Kew’s Head of Arboretum & Temperate Collections on how gardens’ winter scent and colour inspired his most recent book

My arrival at Kew in 1999 was a moment of pure fate. My late wife and I had three children, and when our fourth arrived my wife was desperate to go back to work. So we decided that I would look after our son.

A job came up at Kew for a paper picker. I lived just down the road so I thought it would be brilliant to gain access to their beautiful grounds. I got a letter back saying I was overqualified, which I’d expected, but surprisingly they offered me the job as a part-time gardener. I leapt at the chance and have been there for 25 years.

I’m now head of the arboretum, where I manage two-thirds of the outside garden and the temperate collections. It’s a varied role and I have my finger in many pies. I work with students on our courses, I trial new electric alternatives as we move away from petrol and diesel, and I oversee propagation in the temperate nursery.

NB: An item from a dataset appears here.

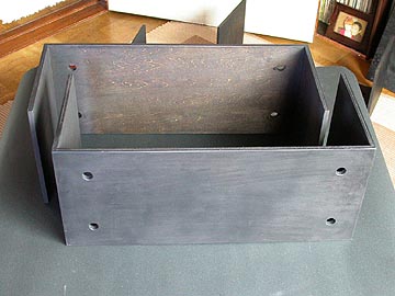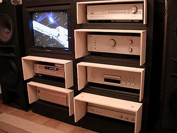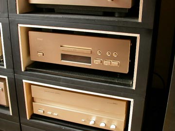 | さて、組み上げた蓋の着色手順を説明しよう。まず、320番の紙ヤスリで角を落とした後、ダークオーク色のオイルステイン(ワシン製)を3回塗り。さらに全体を600番くらいのフィニッシィングペーパーで磨き、艶消し黒のラッカースプレー(ハンズオリジナル)を薄く塗布。木目が所々うっすらと透けて見えるよう、スプレーはあえてムラが出るように吹き付けている。さらに1000番のフィニッシングペーパーでざらつきを取り去ると完成!制作時間はトータル9時間程。なかなか良い感じに仕上がった。いずれはこの蓋にも音質向上の機能性を持たせようと計画している。例えば、蓋の裏面にクリプトンのミスティックグレーを貼付け、ラック内部の定在波を減少させたりできないかと。 | |

A passion for Mediterranean plants inspired my third book, Gardening with Drought-Friendly Plants. I spent 15 years travelling around the Med, collecting plants and seeds. I was once told that everyone has at least one book in them, so after a decade building up knowledge of these plants, I wrote a guide: my first book, Wild Plants of Southern Spain.

When I finished, I realised there was this gaping hole in my life where a book needed to be, and so I thought, ‘I’ll write another one!’ Gardening with Winter Plants is my seventh book. It came about because of a very old, very small and tired winter garden at Kew. When I took over its management, I thought the area was too good not to do something really brilliant with.